TASK DIRECTIONS:
Your copy should match the listing below exactly, except that it holds no images.

SOURCE MATERIAL:
- Opening Delimiter -
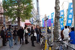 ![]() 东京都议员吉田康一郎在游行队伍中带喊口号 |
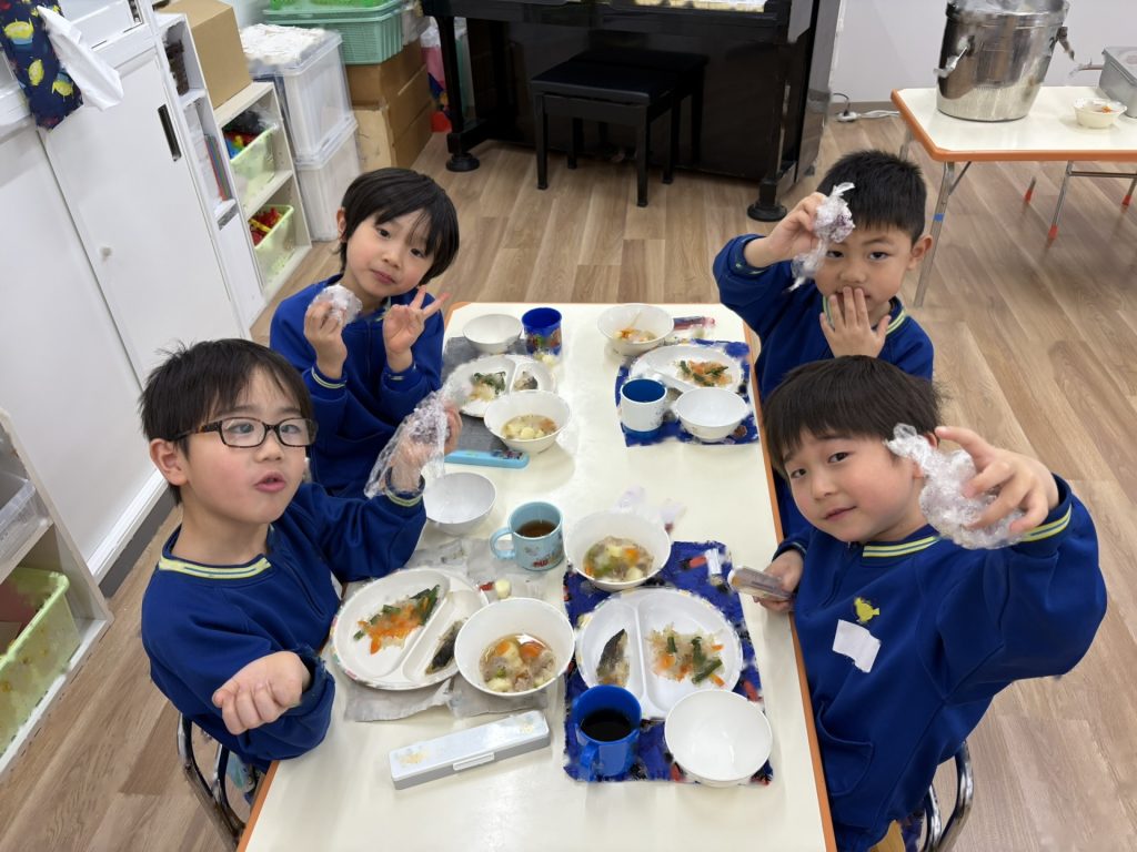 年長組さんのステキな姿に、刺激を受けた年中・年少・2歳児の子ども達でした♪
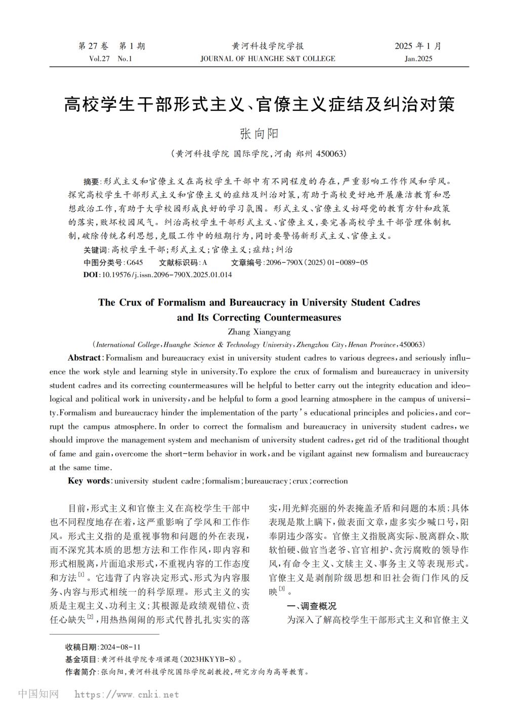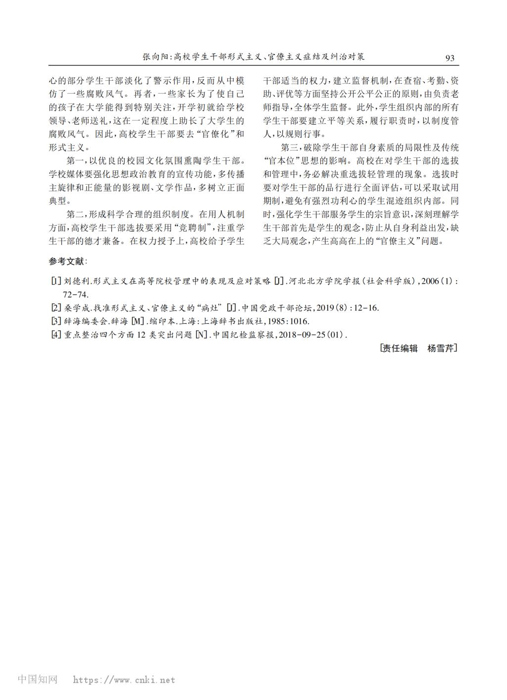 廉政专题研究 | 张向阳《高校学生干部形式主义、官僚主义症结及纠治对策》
- Closing Delimiter -
EXERCISE RESPONSE:
 ![]() 东京都议员吉田康一郎在游行队伍中带喊口号 |
 年長組さんのステキな姿に、刺激を受けた年中・年少・2歳児の子ども達でした♪
 廉政专题研究 | 张向阳《高校学生干部形式主义、官僚主义症结及纠治对策》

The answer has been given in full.